Linux is the best bet because there are no egos or commercial pressures..


That's a good one. I bet the developers at Microsoft (who committed more changes to the Linux kernel in recent years than ALL other developers together), Oracle, IBM, Red Hat and Canonical might have an entirely different perspective. "Linux" is an industry worth billions of dollars. Unlike everything people want to believe, "Linux" is NOT being developed by "enthusiasts", volunteers and hobbyists, but by developers hired by corporations following corporate agendas.

And as for the egos... The lady that developed the orginal USB 3 stack for Linux left the Linux kernel community because she couldn't handle the rude egos of her peers anymore and Linus himself is notorious for his extremely rude posts.

So let's just drop the romantic glasses. Linux might be Open Source and even "Free" software, but it definitely is also an industrial product like everything else. In most cases, you just don't have to put money on the table for a license in order to start using it. (The TCO for Linux, in my experience, is an entirely different topic and it actually is NOT cheaper to use Linux throughout the lifetime of a project than it is to run Windows.)

Ya want a secure OS write Ya own ;)


There is no such thing in a networked world anymore. Even if the OS itself might be relatively secure, the packets that you send over the network are open for anybody to read and manipulate - even if they are encrypted.


markcw(Posted 2017) [#20]
To answer the OP, I doubt it. I don't have auto update on and here's why.

After reinstalling Win 7 recently I found it was too slow booting when auto update was on but you need it on until SP1 is installed as the install process won't work with it off. I found you have to install all updates straight away or SP1 will not install properly and auto update stops working (I had to uninstall SP1 then install all other updates before reinstalling SP1). I also found Skype loading on startup was a major resource hog, when testing videos in the browser.
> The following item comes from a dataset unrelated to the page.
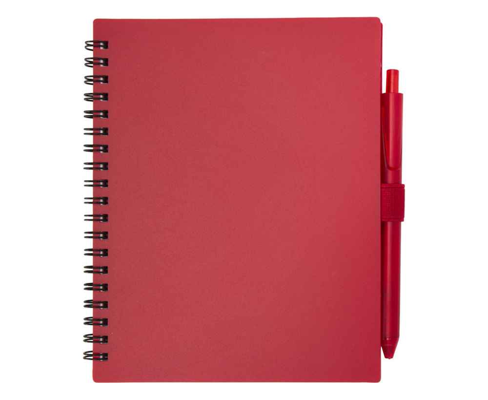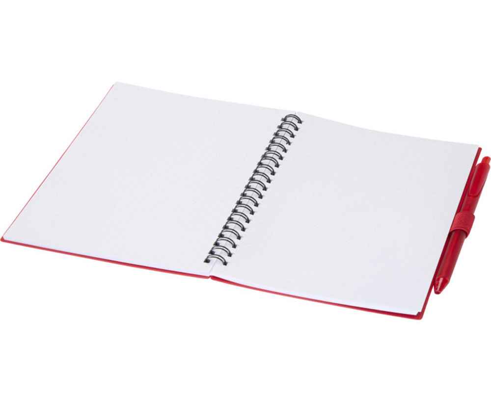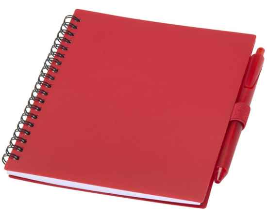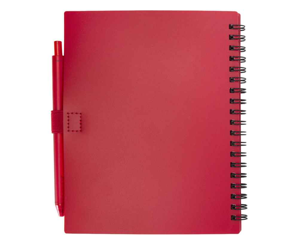 Блокнот Niove с мягкой обложкой изготовлен из переработанной пластмассы, имеет 70 нелинованных листов из бумаги плотностью 70 г/м². Блокнот имеет квадратные углы и петлю для ручки. Размер блокнота: 140 х 178 мм. Шариковая ручка также изготовлена из переработанной пластмассы. Цвет чернил: синий. Длина непрерывной линии: 1000 метров. Диаметр пишущего узла: 1,0 мм.

While I like Windows 7, it is cursed by the horde of malware out there. Even a simple search in Google resulted in some javascript exploit bringing my browser to a halt and forcing me to do a system restore, which is a great tool that saved me reinstalling a few times (so don't listen to the people who tell you to switch it off to improve performance). I don't bother with antivirus as they are all resource hogs (although free Avast would be my choice if I did) and I only visit trusted sites in Windows now. For Google searches I use Mac or Linux as I've never had any issues browsing with them.